Бокал медленно поворачивался вокруг своей оси.
Ж…Е…Р…Т…В…А
Анн-Сесиль и Жан-Робен обменялись быстрым взглядом.
— Назови свою фамилию.
Т…Е…Н…Ь…Б…Е..Л…
НЕТ
Бокал вдруг резко повернулся к квадратику с надписью НЕТ — так быстро, что никто не смог удержать пальцы на ободке. Стало еще холоднее. Теперь Бастиан точно знал, что они здесь не одни. Это была очевидность, которую он принял без малейшего протеста. Чужое присутствие было враждебным. Ужасающим.
Анн-Сесиль снова переглянулась с Жан-Робеном, потом они оба взглянули на Бастиана.
— Раньше это никогда не происходило так… быстро. К тому же… странно… такое ощущение, что их двое!
Но едва лишь Анн-Сесиль произнесла эти слова, даже еще раньше, чем ее пальцы снова легли на ободок бокала, он снова начал двигаться: Т…А…Л…Ь…НЕТ…К…О… Бокал продолжал двигаться сам по себе, и все четверо в изумлении отшатнулись: даже мгновенное прикосновение к нему вызывало болезненное ощущение, как от ожога пламенем или холодом. Идущая от бокала энергия постепенно передавалась им.

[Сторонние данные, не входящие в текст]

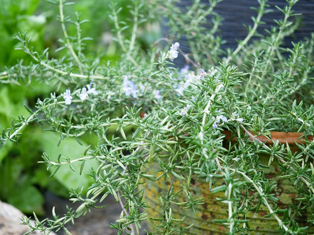 Dit is een bekend Mediterraan keukenkruid. De kleine groene naaldjes van deze heesters hebben een uitgesproken warme kruidige geur. Ze bloeit vaak al in het voorjaar met heel kleine witte, zachtroze, lila of lilapaarse eetbare bloempjes. Rozemarijn kan wel 60 tot 100 centimeter hoog worden, maar er is ook een liggende/hangende variant die je vaak onder de naam Prostratus ziet (die laatste is helaas iets minder winterhard dan de opgaande vorm, maar doet het hier in pot met overwintering in de koude kas prima).

— Жюльен, кто ты? Почему ты пришел к нам сегодня? — спрашивала Анн-Сесиль, стараясь говорить повелительным тоном. Она обращалась только к тому духу, который явился первым.
М…А…Р…И…С…О…Ф…И…НЕТ…Ж…Е…Р…Т…НЕТ…Т…Е…Н…Ь…Б…Е..Л…НЕТ
— Что-то не так, Жан-Робен, — с тревогой сказала Анн-Сесиль. — Их слишком много, и я не понимаю, чего они хотят… И есть еще кто-то, кто хочет помешать им говорить!
Бастиан взглянул на нее и понял, что она боится. Затем он перехватил полный ужаса взгляд Опаль и подозрительный — Жан-Робена.
Т…Е…Н…Ь…НЕТ…НЕТ…НЕТ…
Бокал не останавливался ни на секунду — он постоянно дергался от слова НЕТ к очередной букве.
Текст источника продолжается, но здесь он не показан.